I've been reading the late Stephen Jay Gould's Time's Arrow, Time's Cycle: Myth and Metaphor in the Discovery of Geological Time (1987). As much as it's about the recognition of "deep time" (e.g., the earth is 4 billion years old, but can you comprehend just how long that is?), it's about how we make sense of the world around us. His central theme is the distinction between "Time's Arrow," i.e. history, and "Time's Cycle," i.e., (for lack of a better word) universality. His larger (non-historical?) argument is that neither alone can best explain every aspect of the physical universe: we need both.

I've also begun Bill Bryson's A Short History of Nearly Everything. It's not bad — a fairly easy, usually enjoyable read, with a liberal dose of Brysonian humor (which I do enjoy). I think I would like it a bit more were it a Short Explanation of Nearly Everything, though. But it has been good for bringing to mind again some of the cosmological and physical questions about which I have occasionally wondered. Even better (or not, depending on what my future holds), it's raised some new ones, particularly in conjunction with the Gould book.

(N.B. I do not understand the difference between cosmologists, astronomers, astrophysicists, and so forth. So I use the words interchangeably, and I use them to mean roughly 'whichever are the most appropriate ones for the matter at hand.')
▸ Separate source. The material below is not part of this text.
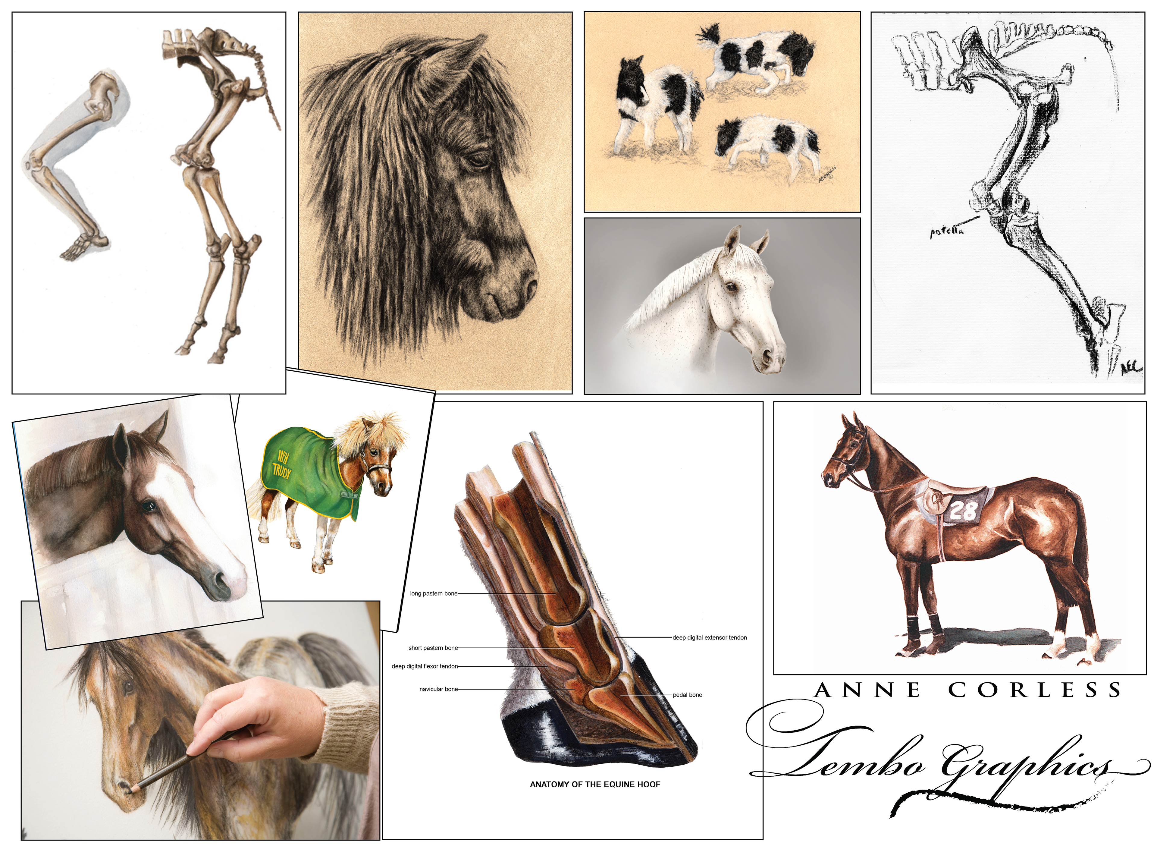 3. Illustrations of foal. Charcoal drawing on toned paper.

So. Physicists want a universal "theory of everything," a construct that will be the 'über-explanation of life, the universe, and everything.' To the extent that real-world variation blurs their data, they seem to find it annoying. They don't seem to be so interested in variation as in ideal relationship. Maybe I'm wrong, but that's how it seems. For instance, the distribution of matter in the universe seems such a great puzzle to cosmologists in a way that mildly astonishes me. Their working assumption seems to have been that the distribution of pre-E=mc² should have been uniform in the pre-Big-Bang singularity. As a theoretical simplification, I see nothing wrong with that. But they seem perplexed that the actual universe does not support that. Why is this? Does anything in the universe happen in precise accord with theoretical prediction? Besides, there's that photo of an A-bomb test shortly – very shortly – after detonation, showing a blast whose radius is still measureable in meters, looking almost like a bubble hovering over ground zero. It has this weird indentation on the camera-side "surface," almost as though the blast had encountered a sphere of something else and was flowing around it. (Sadly, I cannot find the image I have in mind, but this one is sort of like it.) Now, I know that a nuclear bomb is not the same as a big bang. But. Why should anyone expect that matter and energy should have been uniformly distributed at the Big Bang?

At all events, though, it wasn't, and that puzzles our universalizing physicists. And it makes me wonder, just how much of a role for history (in the sense of localized, possibly chaotic occurrences resulting from specific local conditions) could there be in cosmology? Maybe the cosmologists are way ahead of me on this, but if so, I haven't been seeing it in Scientific American.